→ Data to process:
━━━━━━━━━━
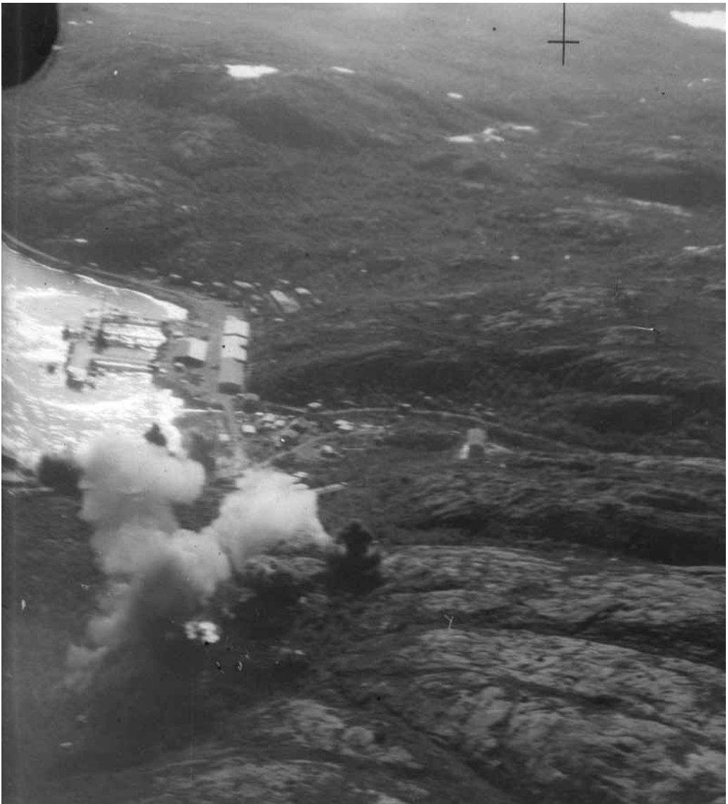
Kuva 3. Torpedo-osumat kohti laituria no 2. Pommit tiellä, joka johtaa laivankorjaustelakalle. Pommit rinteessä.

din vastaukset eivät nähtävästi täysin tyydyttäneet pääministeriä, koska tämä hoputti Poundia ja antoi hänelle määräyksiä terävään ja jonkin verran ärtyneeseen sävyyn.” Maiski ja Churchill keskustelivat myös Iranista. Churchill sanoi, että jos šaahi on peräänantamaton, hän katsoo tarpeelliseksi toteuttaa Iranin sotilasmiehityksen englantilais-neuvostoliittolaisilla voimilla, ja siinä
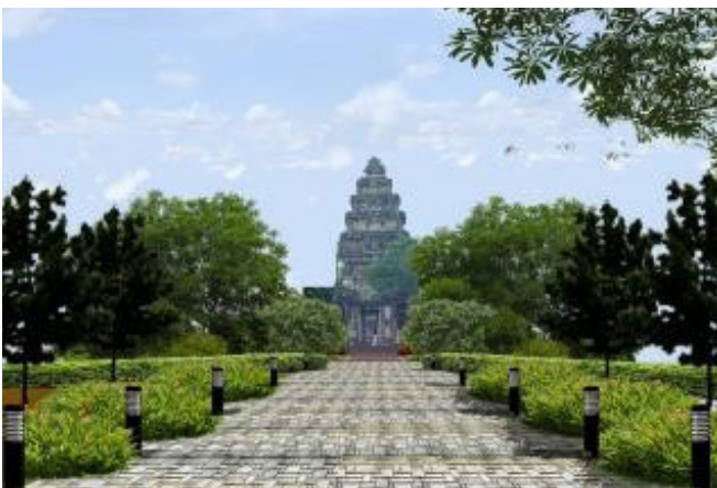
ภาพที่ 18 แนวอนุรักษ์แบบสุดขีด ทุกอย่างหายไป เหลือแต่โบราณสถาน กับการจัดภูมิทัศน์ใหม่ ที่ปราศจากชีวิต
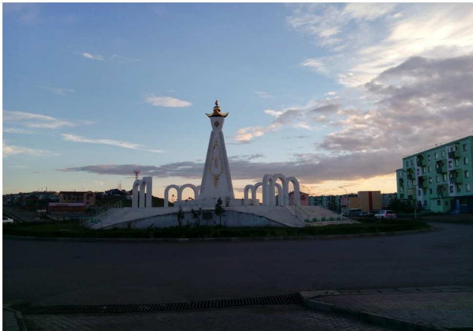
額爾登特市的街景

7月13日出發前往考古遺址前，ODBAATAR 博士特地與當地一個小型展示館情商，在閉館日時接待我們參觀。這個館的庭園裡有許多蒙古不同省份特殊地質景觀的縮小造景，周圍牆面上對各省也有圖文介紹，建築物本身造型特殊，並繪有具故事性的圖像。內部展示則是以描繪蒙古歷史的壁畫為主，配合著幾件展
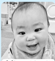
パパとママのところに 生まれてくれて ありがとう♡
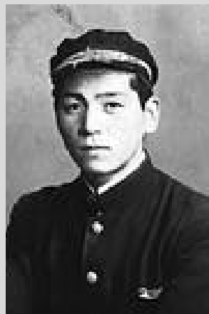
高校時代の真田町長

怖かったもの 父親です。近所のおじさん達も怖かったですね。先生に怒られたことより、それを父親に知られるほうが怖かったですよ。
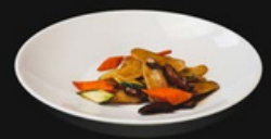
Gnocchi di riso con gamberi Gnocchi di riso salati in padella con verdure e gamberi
━━━━━━━━━━
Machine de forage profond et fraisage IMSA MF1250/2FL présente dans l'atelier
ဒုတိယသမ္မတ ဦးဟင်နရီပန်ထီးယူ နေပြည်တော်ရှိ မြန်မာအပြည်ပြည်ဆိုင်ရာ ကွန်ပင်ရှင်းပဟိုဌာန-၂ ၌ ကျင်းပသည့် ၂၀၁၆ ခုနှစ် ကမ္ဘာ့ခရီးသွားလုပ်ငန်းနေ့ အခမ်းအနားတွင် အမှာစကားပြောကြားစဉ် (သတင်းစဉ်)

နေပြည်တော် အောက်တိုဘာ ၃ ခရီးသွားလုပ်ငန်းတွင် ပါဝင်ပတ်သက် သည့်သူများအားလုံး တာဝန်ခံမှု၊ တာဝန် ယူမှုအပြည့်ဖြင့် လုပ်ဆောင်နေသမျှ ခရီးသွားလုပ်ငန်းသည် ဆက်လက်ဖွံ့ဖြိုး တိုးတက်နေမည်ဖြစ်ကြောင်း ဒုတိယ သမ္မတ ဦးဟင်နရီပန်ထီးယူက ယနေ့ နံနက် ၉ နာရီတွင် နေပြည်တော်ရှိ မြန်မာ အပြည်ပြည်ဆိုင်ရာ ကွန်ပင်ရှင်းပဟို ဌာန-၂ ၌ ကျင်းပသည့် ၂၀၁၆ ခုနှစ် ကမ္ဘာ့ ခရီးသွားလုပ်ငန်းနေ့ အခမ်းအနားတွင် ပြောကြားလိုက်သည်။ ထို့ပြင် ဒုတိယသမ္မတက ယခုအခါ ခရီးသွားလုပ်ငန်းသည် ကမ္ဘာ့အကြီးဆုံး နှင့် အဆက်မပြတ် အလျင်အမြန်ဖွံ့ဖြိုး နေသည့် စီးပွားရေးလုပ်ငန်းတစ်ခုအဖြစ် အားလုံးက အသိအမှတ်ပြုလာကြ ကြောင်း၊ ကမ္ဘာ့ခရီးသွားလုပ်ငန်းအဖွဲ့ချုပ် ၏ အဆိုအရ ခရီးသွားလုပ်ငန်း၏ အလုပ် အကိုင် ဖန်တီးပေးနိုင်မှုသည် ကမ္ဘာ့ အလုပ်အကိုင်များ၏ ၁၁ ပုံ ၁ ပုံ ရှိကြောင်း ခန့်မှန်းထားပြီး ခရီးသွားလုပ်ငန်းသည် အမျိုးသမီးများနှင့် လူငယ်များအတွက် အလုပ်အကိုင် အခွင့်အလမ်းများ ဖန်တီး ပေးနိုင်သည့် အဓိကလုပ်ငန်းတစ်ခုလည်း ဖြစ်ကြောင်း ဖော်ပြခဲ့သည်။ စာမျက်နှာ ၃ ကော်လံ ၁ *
━━━━━━━━━━
→ Instructions for the task: Above is the material; set down exactly its lines from the one containing "7月13日出發前往考古遺址前" down to the one containing "Gnocchi di riso con", both included, leaving out any pictures.

→ Written response:
7月13日出發前往考古遺址前，ODBAATAR 博士特地與當地一個小型展示館情商，在閉館日時接待我們參觀。這個館的庭園裡有許多蒙古不同省份特殊地質景觀的縮小造景，周圍牆面上對各省也有圖文介紹，建築物本身造型特殊，並繪有具故事性的圖像。內部展示則是以描繪蒙古歷史的壁畫為主，配合著幾件展
パパとママのところに 生まれてくれて ありがとう♡
高校時代の真田町長

怖かったもの 父親です。近所のおじさん達も怖かったですね。先生に怒られたことより、それを父親に知られるほうが怖かったですよ。
Gnocchi di riso con gamberi Gnocchi di riso salati in padella con verdure e gamberi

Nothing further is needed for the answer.